Guile Reference Manual: Representing Strings as Bytes

Warning: This is the manual of the legacy Guile 2.0 series. You may want to read the manual of the current stable series instead.

6.6.5.13 Representing Strings as Bytes

Out in the cold world outside of Guile, not all strings are treated in the same way. Out there there are only bytes, and there are many ways of representing a strings (sequences of characters) as binary data (sequences of bytes).

As a user, usually you don’t have to think about this very much. When you type on your keyboard, your system encodes your keystrokes as bytes according to the locale that you have configured on your computer. Guile uses the locale to decode those bytes back into characters – hopefully the same characters that you typed in.

All is not so clear when dealing with a system with multiple users, such as a web server. Your web server might get a request from one user for data encoded in the ISO-8859-1 character set, and then another request from a different user for UTF-8 data.

Guile provides an iconv module for converting between strings and sequences of bytes. See Bytevectors, for more on how Guile represents raw byte sequences. This module gets its name from the common UNIX command of the same name.

Note that often it is sufficient to just read and write strings from ports instead of using these functions. To do this, specify the port encoding using set-port-encoding!. See Ports, for more on ports and character encodings.

Unlike the rest of the procedures in this section, you have to load the iconv module before having access to these procedures:

(use-modules (ice-9 iconv))

Scheme Procedure: string->bytevector string encoding [conversion-strategy]
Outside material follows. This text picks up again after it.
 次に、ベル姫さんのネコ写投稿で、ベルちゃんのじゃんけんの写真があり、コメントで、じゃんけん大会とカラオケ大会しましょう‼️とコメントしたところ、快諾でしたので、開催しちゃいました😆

Encode string as a sequence of bytes.

The string will be encoded in the character set specified by the encoding string. If the string has characters that cannot be represented in the encoding, by default this procedure raises an encoding-error. Pass a conversion-strategy argument to specify other behaviors.

The return value is a bytevector. See Bytevectors, for more on bytevectors. See Ports, for more on character encodings and conversion strategies.
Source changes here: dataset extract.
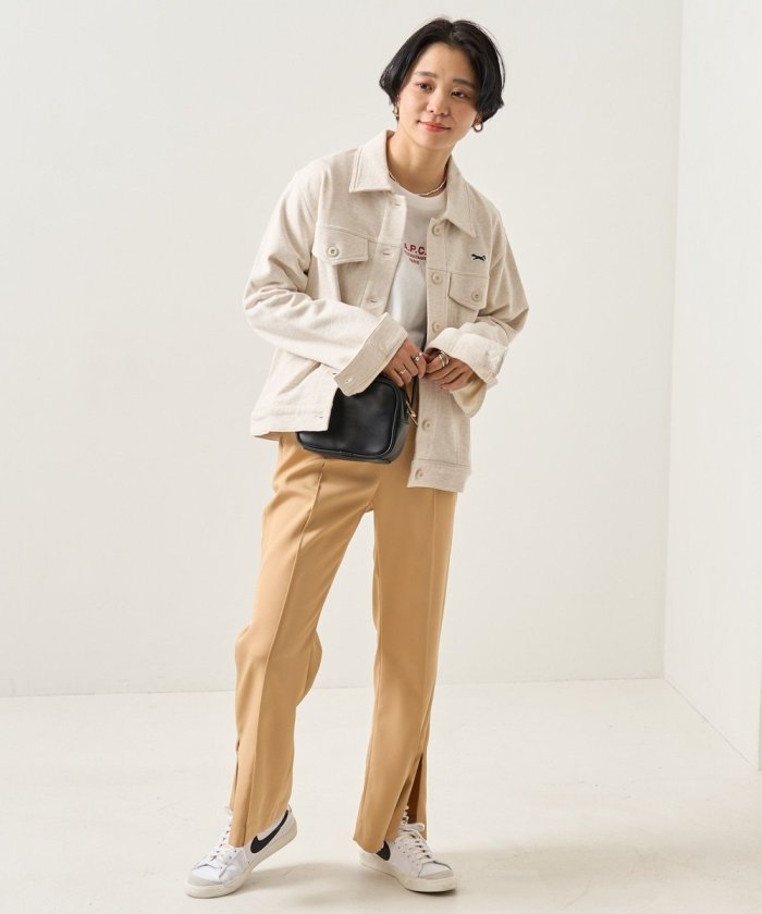 建議搭配男性化的鑲邊上衣或印花 T 作為內搭,或從內側露出流蘇領或蕾絲單品,打造女性化搭配。

Scheme Procedure: bytevector->string bytevector encoding [conversion-strategy]

Decode bytevector into a string.

The bytes will be decoded from the character set by the encoding string. If the bytes do not form a valid encoding, by default this procedure raises an decoding-error. As with string->bytevector, pass the optional conversion-strategy argument to modify this behavior. See Ports, for more on character encodings and conversion strategies.

Scheme Procedure: call-with-output-encoded-string encoding proc [conversion-strategy]: Like call-with-output-string, but instead of returning a string, returns a encoding of the string according to encoding, as a bytevector. This procedure can be more efficient than collecting a string and then converting it via string->bytevector.